LEON BYNER: Why did you go for the one-off payment, which had an effect before Christmas but things after that have slowed so we might expect the same sort of scenario here, why did you go for the one-off payment rather than an ongoing tax cut?
JENNY MACKLIN: Because we need to get as much money into the economy as quickly as possible. The advice from the International Monetary Fund is to go down this path rather than to pay people small amounts of money over a longer period of time. We need to get more money into the shops, into the housing and construction industry, into the economy as quickly as possible.
LEON BYNER: As I understand it, the IMF wanted the amount of money to be about 3% of the Gross Domestic Product, which was going to be about $24, $25 billion, we’ve gone to $42 billion, so what outcome are we reasonably expecting from this spend?
JENNY MACKLIN: Well that’s difficult to judge with the unfolding nature of this global financial crisis because we’re not immune from what’s happening overseas. All we can do is take every action possible here in Australia, that’s what we did last October, this $42billion package covers both infrastructure and payments and of course the Prime Minister has said if more needs to be done it will be.
LEON BYNER: Alright, now one point. A lot of these initiatives are going to require energy and much of that energy is going to be electricity, and you would be aware that Victoria and South Australia have had massive infrastructure electricity issues and they are not problems that are going to be less occurring because we’re expecting the effects of climate change. It’s interesting that there was nothing in this package at all that even talks about energy supply.

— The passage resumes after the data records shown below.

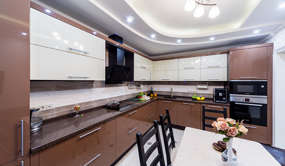 Приобрести глянцевый комплект мебели в любом цвете вы сможете в бренда «Кухонный двор». Здесь можно заказать дизайн-проект по индивидуальным замерам или купить готовый гарнитур.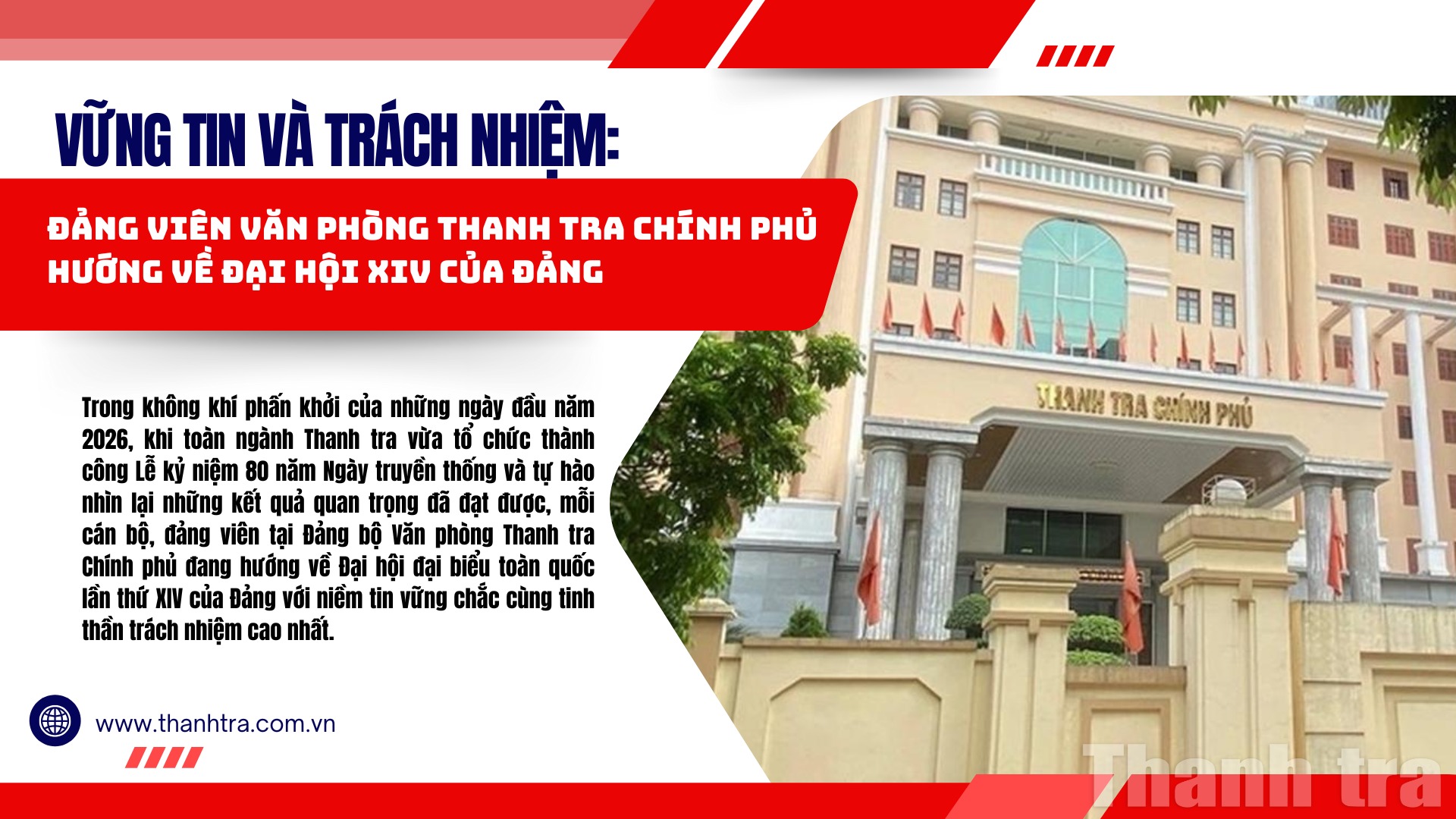 Hướng tới Đại hội XIV của Đảng với niềm tự hào về truyền thống 80 năm vẻ vang của ngành Thanh tra, các đảng viên Đảng bộ Văn phòng Thanh tra Chính phủ tiếp tục rèn luyện bản lĩnh chính trị, nâng cao năng lực chuyên môn, giữ vững kỷ cương, kỷ luật, xứng đáng với niềm tin của Đảng và Nhân dân. Tin tưởng rằng, những định hướng chiến lược từ Đại hội sẽ là kim chỉ nam để ngành Thanh tra vững bước trong kỷ nguyên mới, đóng góp tích cực vào sự nghiệp xây dựng đất nước Việt Nam phát triển, hùng cường và thịnh vượng.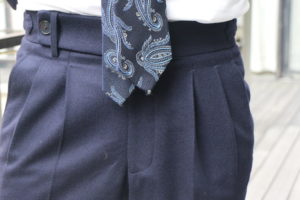 パンツの仕様はお互いサルトリアサルトリア仕様で持ち出しを長くし1本だけベルトループをつけた仕様にしました。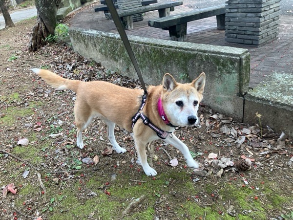 お散歩コースの木も何本か紅葉始まった感じで🍁
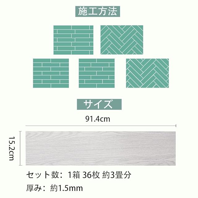 【商品仕様】一枚長さ:約91.4cm×15.2cm、厚み:約1.5mm。セット数:1箱 36枚 約3畳分 重量:1セット 約15KG

JENNY MACKLIN: But what we have done on the energy supply front is really address it through our package to encourage people to put insulation into their roof and we do know if we put insulation into the roofs of 2.7 million homes which is what this is targeted to do, we’re expecting that could see a cut to energy bills for these households of around $200 a year. And we’ve been informed that it’s also going to be the equivalent of taking around a million cars off the road, so that measure ……..
LEON BYNER: That’s in terms of green house gases you mean?
JENNY MACKLIN: That’s right, that measure we’re advised one of the most effective things that we can do to reduce green gas house emissions and of course it will have a positive impact on energy bills as well.
LEON BYNER: So what you’re telling us is, you’re going to try this on as soon as possible, hope that it works. How long will you give it before you decide whether or not there is another package required, and if another package is, is that going to mean necessarily more deficit?
JENNY MACKLIN: We’re constantly monitoring what’s going on in other countries. We’re seeing the International Monetary Fund do economic updates far more frequently than they’ve done in the past, and of course we’re going to just monitor these changes as you would expect very very closely so that if further changes are necessary we will take them. I think the Australian people expected that in this decisive way and understand the need for a deficit in these very very difficult times.
LEON BYNER: Jenny, thank you for joining us.
JENNY MACKLIN: Thank you Leon.
LEON BYNER: That’s the Families and Housing Minister, Jenny Macklin.